Iraquiano, 1937-2006, político

Saddam, ao invadir o Kuwait, provocou a primeira grande crise internacional depois do final da guerra fria. Quando Baath tomou o poder em 1968, Saddam era o homem forte do novo regime, responsável pelas decisões políticas mais importantes.

Tornou-se presidente do Iraque em 1979, e consolidou o controle colocando membros do seu clã em posições estratégicas. Rígido e ditatorial, fez com que surgisse um fervor patriótico entre os iraquianos em relação a ele.

Em 1980, invadiu o Irã numa tentativa de eliminar a ameaça da República Islâmica revolucionária do Aiatolá Khomeini. Depois de oito anos, um Irã combalido aceitou o armistício proposto pelas Nações Unidas e o Iraque proclamou sua vitória. Em 1990, Saddam invadiu Kuwait. Embora considerado um herói por alguns dos povos árabes, a condenação mundial foi praticamente unânime e o Iraque enfrentou um boicote total por parte das Nações Unidas.
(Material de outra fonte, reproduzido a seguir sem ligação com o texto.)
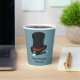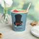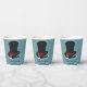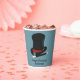 Ajoutez votre propre message personnalisé pour créer des fournitures de fête personnalisées pour les fêtes d'anniversaire à thème de spectacle magique et d'autres événements spéciaux. Ces tasses en papier représentent un casquette de magicien noir et rouge et une baguette magique noir et blanc contre un arrière - plan bleu clair.
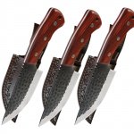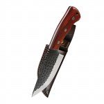 This chef knife combines traditional craftsmanship with modern performance. Each blade is hand-forged for precision, with a hardness of 58 HRC, ensuring a long-lasting, sharp edge that won’t easily dull over time. The high carbon content adds strength, while the stainless steel resists rust and corrosion, making it perfect for a variety of kitchen tasks. The elegant rosewood handle not only adds a touch of sophistication but also provides a comfortable and secure grip, making chopping, slicing, and boning effortless.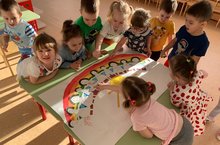 Младшие группы также не остались в стороне. В этот день они беседовали, смотрели театральные постановки, изготавливали плакаты о дружбе.

Uma coalizão comandada pelos Estados Unidos, sob os auspícios da ONU (Organização das Nações Unidas), conseguiu, primeiro, quebrar a sua economia, depois destruir o coração das modernas forças iraquianas.

Mas Saddam permaneceu com contingente suficiente de sua guarda revolucionária para suprimir os levantes xiitas no sul do país e somente foi impedido de cometer um ataque genocídico sobre os curdos depois de ter sofrido ameaças internacionais.

A sua sobrevivência no poder simplesmente revela o grau a que subjugou os seus comandados, com execuções sumárias de inimigos, eliminando todas as possibilidades de tirá-lo do governo. Em outubro 1994 ameaçou o Kuwait com uma nova invasão.

Em seguida, Hussein declarou que se dispõe a reconhecer a soberania do Kuwait se a ONU se comprometer a levantar o embargo econômico contra o país. Difícil mesmo, dizem os observadores, é confiar em Saddam Hussein e suas intenções.